I use them for a backup name server, and so far they have been pretty
awesome. Wouldn't take much for me to setup a test web server over
there too.
Thanks again
Richard
On 11/27/2016 8:33 PM, Tom wrote:
> Hi Richard,
>
> Linode instances come with internal SSD storage. Perhaps that would be
> good target for your experiment. Check it out.
>
> I feel that you do have a lot of going on over the NFS and 15VMs
> sharing it. I used similar architecture and I also felt that a web app
> + DB bottleneck was disk bound. I have done a lot of experiments,
> including replacing NFS for internal disks and SAS SSDs.
>
> Unfortunately, in my case it DID NOT lead to significant enough
> application response time improvement. Local disks and especially SSDs
> made the OS's way more responsive, but not the web application. My
> conclusion at that time - Linux cashing can be quite good at speeding
> up network access to a lot of small files with small enough
> throughput. See your RAM disk experiment. Anyway, my root cause was DB
> related. In the end and it was resolved via application architectural
> change influenced by a "real DBA".
>
> Tomas
>
> On Fri, 2016-11-25 at 17:31 -0800, Richard Powell wrote:
>> On 11/25/2016 3:17 PM, Chris Schafer wrote:
>>>
>>> I feel like you aren't completely describing the architecture.
>>>
>>
>> Well, that's true. I was just trying to provide what I thought was
>> most relevant. :-)
>>
>>> It seems like there is some virtualization. A NAS. Networking of
>>> unknown configuration.
>>>
>>
>> Yes. I'm using VMware. ESXi 5.5. The primary drives for the VM's
>> are being served up from NFS shares on a 10 spindle RAID 5 array that
>> has 15k SAS drives. The shares are served over an internal 1GB
>> network. There is a 50GB write cache SSD on that network storage
>> device. But that doesn't help with the read's at all.
>>
>>> 10k is a lot of on board ssd.
>>>
>>
>> Indeed it is. It's not just the storage though. That's for a
>> completely new server that includes 256GB RAM and 2, 10 core
>> processors (2.4GHz). It includes roughly 9TB of usable SSD storage
>> with RAID 6.
>>
>>> Also this seems like you are doing a lot of things on this array.
>>>
>>
>> Mostly just shared hosting. But spread across multiple VM's. All
>> VM's have their primary hard drives on that same storage array.

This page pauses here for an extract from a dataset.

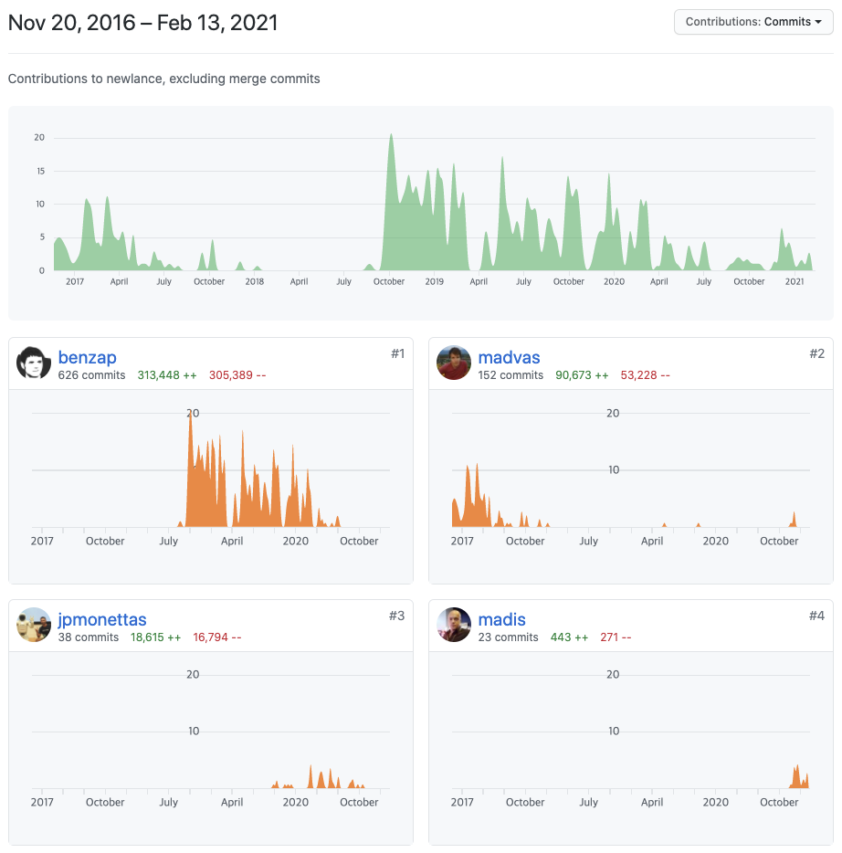 최근 커밋 히스토리 내역을 살펴보면 업데이트가 활발히 이뤄지진 않았습니다.

>> There is approximately 15 VM's being served up from that same storage
>> array.
>>
>>> Give that the mix could have a significant effect. You could
>>> probably test on AWS instances using different storage types before
>>> jumping in.
>>>
>>
>> I'm curious. How could AWS simulate the scenario of having SSD's
>> directly installed on a server running ESXi, and also loading the
>> VM's files from that same SSD storage? I mean, perhaps I could use
>> an AWS scenario to compare performance to my own. But that wouldn't
>> necessarily tell me how switching to directly connected SSD's will
>> effect my current situation.
>>
>> Thanks for the response.
>> Richard
>>
>>
>>
>>>
>>> On Nov 25, 2016 3:15 PM, "Richard" <plug at hackhawk.net
>>> <mailto:plug at hackhawk.net>> wrote:
>>>> Hello,
>>>>
>>>> I am seeking advice before moving forward with a potential large
>>>> investment. I don't want to make such a large purchase unless I'm
>>>> absolutely certain it's going to solve the problem that I perceive
>>>> to be
>>>> my biggest problem right now. I figured there would be a plethora of
>>>> expertise on this list. :-)
>>>>
>>>> I'm considering switching from network storage of NFS shares (SAS 15k
>>>> RAID 5, 10 spindles) to solid state drives directly connected to the
>>>> server. But alas, the SSD's are extremely expensive, and I'm not sure
>>>> how to go about ensuring they're going to improve things for me. I can
>>>> only surmise that they will.
>>>>
>>>> Here is what I've found by running strace on some of my larger web
>>>> based
>>>> PHP applications. As one example, I've got one WordPress install that
>>>> opens 1,000+ php files. The strace is showing 6,000+ lstat operations
>>>> across all of these files, and it is taking roughly 4 seconds to get
>>>> through all of this. Not being super knowledgeable about interpreting
>>>> the strace logs, I do wonder if the 4 seconds is mostly related to disk
>>>> latency, or if some large percentage of those 4 seconds are also
>>>> attributed to CPU and memory as the files are
>>>> processed/compiled/interpreted. My monitoring of memory and CPU have
>>>> not revealed anything significant.
>>>>
>>>> I have some suspicion that by switching from the network storage to
>>>> directly attached SSD's, I will reduce my example app's response
>>>> time by
>>>> 2 or more seconds. And, if this is true, than I would happily spend
>>>> that $10k+ and switch directions in how I've been managing my network.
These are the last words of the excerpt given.